# Adopting Baby rats - read and see what you think



## bubsybob (Apr 1, 2007)

http://oshawa.kijiji.ca/c-pets-other-pets-for-sale-FREE-RATS-FOR-PETS-OR-FOR-FOOD-W0QQAdIdZ17121476

the link goes to kijiji.ca, where there are some people selling their baby rats "for pets or for snake food"

they are 3-4 weeks old, so i wondered if this was too soon to take them away from mom or not. 

i emailed them to ask what sort of conditions they are being kept in, and if they are separated into male/female and for a physical description. 

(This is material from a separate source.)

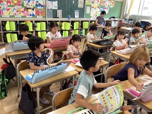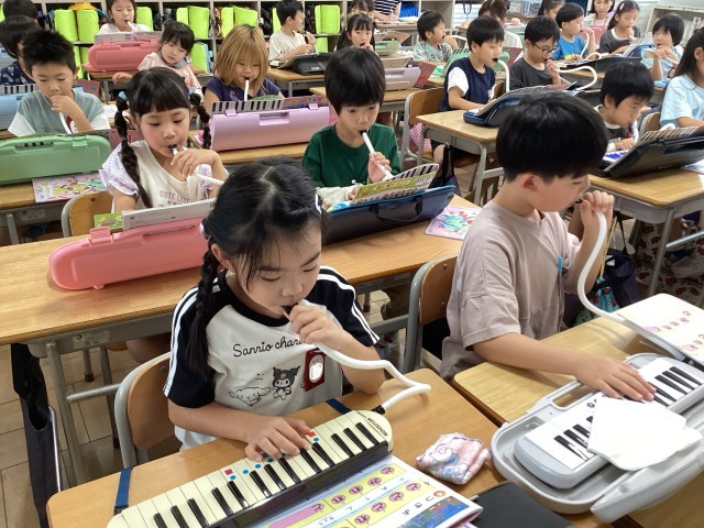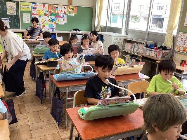 鍵盤ハーモニカの練習が進んでいます。
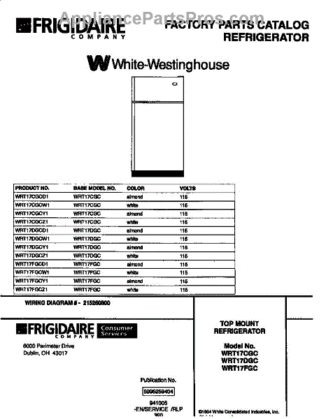 Parts for Frigidaire WRT17DGCZ1: 01 - Refrigerator Parts

what are your thoughts? if i can save at least two from going to a snake, i will. but if they are sickly and kept in poor conditions, i duno what to do. i have a feeling these people arent exactly experts in rat management.


----------



## Forensic (Apr 12, 2007)

They are experts in something... making money off of the animals' suffering. Many feeders are sold at two-three weeks. This isn't the best, but they can survive at that age, if treated well...

However, I'm sure they're in awful conditions, as they're being bred for feeders.

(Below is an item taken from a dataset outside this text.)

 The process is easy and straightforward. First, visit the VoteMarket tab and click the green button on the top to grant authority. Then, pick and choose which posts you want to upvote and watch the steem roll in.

Maybe you'll come against someone with a true oops litter, but still.

They could make good pets, but you'll be giving their breeder money to continue their breeding and they'll likely be unhealthy and unsocialized.


----------



## bubsybob (Apr 1, 2007)

i got an email back from them. the story is that their daughter owned 2 male rats, one of which died. they got another rat to replace it, and didnt realize it was a FEMALE. 2 litters later, they decide that they have too many rats to take care of. 

they've said they are all separated by sex, kept clean and in large cages. im going to stop in and see for myself, hopefully be able to rescue a few. they were listed for $5 a piece before, now they are free. so i'll see what i can do


----------



## Forensic (Apr 12, 2007)

Well, certainly, go have a look, at the least to double-check the sexing.


----------



## Rodere (Feb 26, 2007)

It never hurts to go and look and make an informed decision. However.. if you suspect they are a BYB, I wouldn't contribute my money. But since they are now free, perhaps their story is true. Let us know what you think. And try to better educate them while you are there!! It sounds like they need the help.


----------



## mopydream44 (Jun 10, 2007)

> 2 litters later, they decide that they have too many rats to take care of.

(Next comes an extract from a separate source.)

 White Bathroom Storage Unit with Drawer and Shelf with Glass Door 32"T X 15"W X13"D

uhh.......... how do you let your rat have TWO litters before you decide you have too many!!!!!!!! 

I have ONE "oops" litter. I've spent hundreds of dollars, gotten really stressed out, and NONE of my rats are going to be snake food, so i don't understand what kind of people these are. It automatically tells me they haven't been cared for properly because i'm just managing with this litter. 

that kinda blew my mind............ anyhoo. If you do want some ratties I'm adopting mine for free, and they've been properly socialized and cared for! I'm in Rochester NY, and I'm willing to drive!


----------



## Forensic (Apr 12, 2007)

MopyDream44 said:


> > 2 litters later, they decide that they have too many rats to take care of.
> 
> 
> uhh.......... how do you let your rat have TWO litters before you decide you have too many!!!!!!!!


When you leave Daddy in with Mom.


----------



## mopydream44 (Jun 10, 2007)

well I really wish they weren't giving them up as snake food, but I feel bad if they are honest people with two litters. I KNOW that's got to be a lot of work..............still i couldn't give away ratties as food even in desperate times! 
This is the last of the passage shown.